2.Davalı vekili; davalı Kurumun davaya konu kararının hukuka ve Protokol hükümlerine uygun olduğunu, davacının Protokol hükümlerine aykırı davrandığını, ayrıca sözleşme hükümlerini uygulamış olan davalı Kurum aleyhine vekalet ücretine hükmedilemeyeceğini, bu nedenle kararın kaldırılmasını ve davanın reddine karar verilmesini talep ederek, kararı istinaf etmiştir.
C. Gerekçe ve Sonuç
Bölge Adliye Mahkemesinin yukarıda tarih ve sayısı belirtilen kararıyla; davaya konu sözleşmeye aykırı fiil hakkında 2016 ve 2020 tarihli Protokollerin Kurum işlemine dayanak kılınan 2012 yılı Protokolüne göre eczacı lehine düzenlemeler içerdiği, davacının dava açmakla daha lehine olan hükümlerin uygulanmasını istediğinin kabul edilmesi gerektiği, davanın açılmasına davalının sebep olmadığı gerekçesiyle; tarafların istinaf başvurularının kısmen kabulüne, İlk Derece Mahkemesi kararı kaldırılarak yeniden hüküm kurmak suretiyle "SGK Başkanlığı İstanbul SGK İl Müdürlüğü Süreyyapaşa Sağlık Sosyal güvenlik Merkezinin davacı ... (Yıldırım Eczanesi) hakkındaki 22.07.2015 tarihli ve 3816547 sayılı ve 10.04.2015 tarihli ve 1966632 sayılı ceza yazısındaki cezanın 2016 ve 2020 protokollerinin (5.3.14) maddesi gereğince (140 x 100) 14.000,00 TL olarak uygulanmasına, bu ceza yazısıyla hükmedilen 16.590,78 TL'lik cezai işlem ile (4.3.6.) maddesi gereğince hükmedilen 14.903,39 TL ilaç bedeline ilişkin kısmın iptaline, muarazanın bu şekilde giderilmesine, davacının fazlaya ilişkin taleplerinin REDDİNE," karar verilmiş, yargılama giderleri davacı üzerine bırakılan davacı lehine vekalet ücretine hükmedilmemiştir.
V. TEMYİZ
A. Temyiz Yoluna Başvuranlar
Bölge Adliye Mahkemesinin yukarıda belirtilen kararına karşı süresi içinde taraf vekillerin temyiz isteminde bulunmuştur.
B. Temyiz Sebepleri
1.Davacı vekili, hasta veya yakınlarının reçete sisteme girildikten sonra çıkan muayene ücretini, katılım payını veya ilaç farkını ödemek istemediğinden ilaçları almaktan vazgeçtiklerini, bu nedenle reçetenin sistemden silindiğini, muayene ücretlerinin sonraki reçeteyle beraber ödenmiş olabileceğini, ödenmiş ise davanın konusuz kalacağını, Protokolde muayene katılım payını tahsil etmemek amacıyla sisteme reçete girilip silinmesi eyleminden bahsedilirken müvekkilinin yaptığı iddia edilen muayene katılım payının ötelenmesine iştirak etmek fiili için ceza düzenlenmediğini, öteleme durumunda Kurum zararının oluşmayacağını, davalının iddiasını ispatlayacak deliller ortaya koyamadığını, davanın açılmasına sebebiyet verdiğinden yargılama giderlerinin davalı üzerinde bırakılması ve müvekkili lehine vekalet ücretine hükmedilmesi gerektiğini ileri sürerek, kararın bozulmasını talep etmiştir.
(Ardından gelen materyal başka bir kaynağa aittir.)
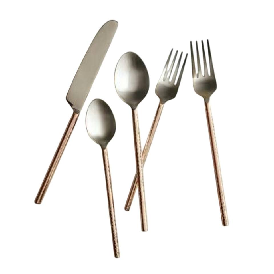 ชุดช้อนส้อมสแตนเลสสตีลสีโรสโกลด์สุดหรู ดีไซน์ลายหิน ด้ามจับทนทาน ทำความสะอาดง่าย เหมาะสำหรับโรงแรม

2.Davalı vekili, dava konusu Kurum işleminin protokol hükümlerine uygun olduğunu belirterek, kararın bozulmasını talep etmiştir.
C. Gerekçe
1. Uyuşmazlık ve Hukuki Nitelendirme
Uyuşmazlık, davacı eczacının muayene katılım ücreti ödenmemesi amacıyla reçete girip-silme eylemini gerçekleştirip gerçekleştirmediği ve olaya sonradan yürürlüğe giren ve davacı lehine olan sözleşme hükümlerinin uygulanıp uygulanmayacağına ilişkindir.
2. İlgili Hukuk
6100 sayılı Hukuk Muhakemeleri Kanunu'nun(6100 sayılı kanun) 369 uncu maddesinin birinci fıkrası ile 370 ve 371 inci maddeleri.
3.Değerlendirme
Temyizen incelenen kararda belirtilen gerekçelere ve özellikle 140 adet reçete hakkında davacının sahibi olduğu eczane ile adı geçen diğer eczaneler arasında kısa süreler içinde karşılıklı olarak reçete girip-silme işlemi yapılarak muayene ücretinin ödenmesinin atlatıldığının sabit olmasına, cezai şartın getiriliş amacının Kurumun zarara uğramasının engellenmesi değil eczaneler arasında katılım payı alan ve almayan eczane ayrımı oluşmasının, dolayısıyla haksız rekabetin önlenmesi olduğunun, bu nedenle davaya konu katılım paylarının daha sonraki reçetede ödenmiş olmasının uygulanan cezai işlemin haklılığını engellemeyeceğinin anlaşılmasına, davalı Kurumca eyleme uygulanan 2012 tarihli sözleşmeye göre daha sonra imzalanarak taraflar arasında yürürlüğe giren 2016 ve 2020 tarihi sözleşmelerde daha az para cezası öngörülmesi nedeniyle çoğun içinde azı da vardır ilkesi gereği davacının daha lehine olan sözleşmenin uygulanmasını isteyeceği kabul edilerek lehe düzenleme gereği uygulanacak ceza miktarının belirlenmesine göre, taraf vekillerinin temyiz itirazlarının reddi ile usul ve karara uygun bulunan kararın onanmasına karar vermek gerekmiştir.
VI. KARAR
Açıklanan sebeplerle;
Temyiz olunan Bölge Adliye Mahkemesi kararının 6100 sayılı Kanun'un 370 inci maddesinin birinci fıkrası uyarınca ONANMASINA,
Aşağıda yazılı bakiye temyiz harcının temyiz eden davacı tarafa yükletilmesine,
Dosyanın İlk Derece Mahkemesine, kararın bir örneğinin Bölge Adliye Mahkemesine gönderilmesine,26.09.2024 tarihinde oy birliğiyle karar verildi.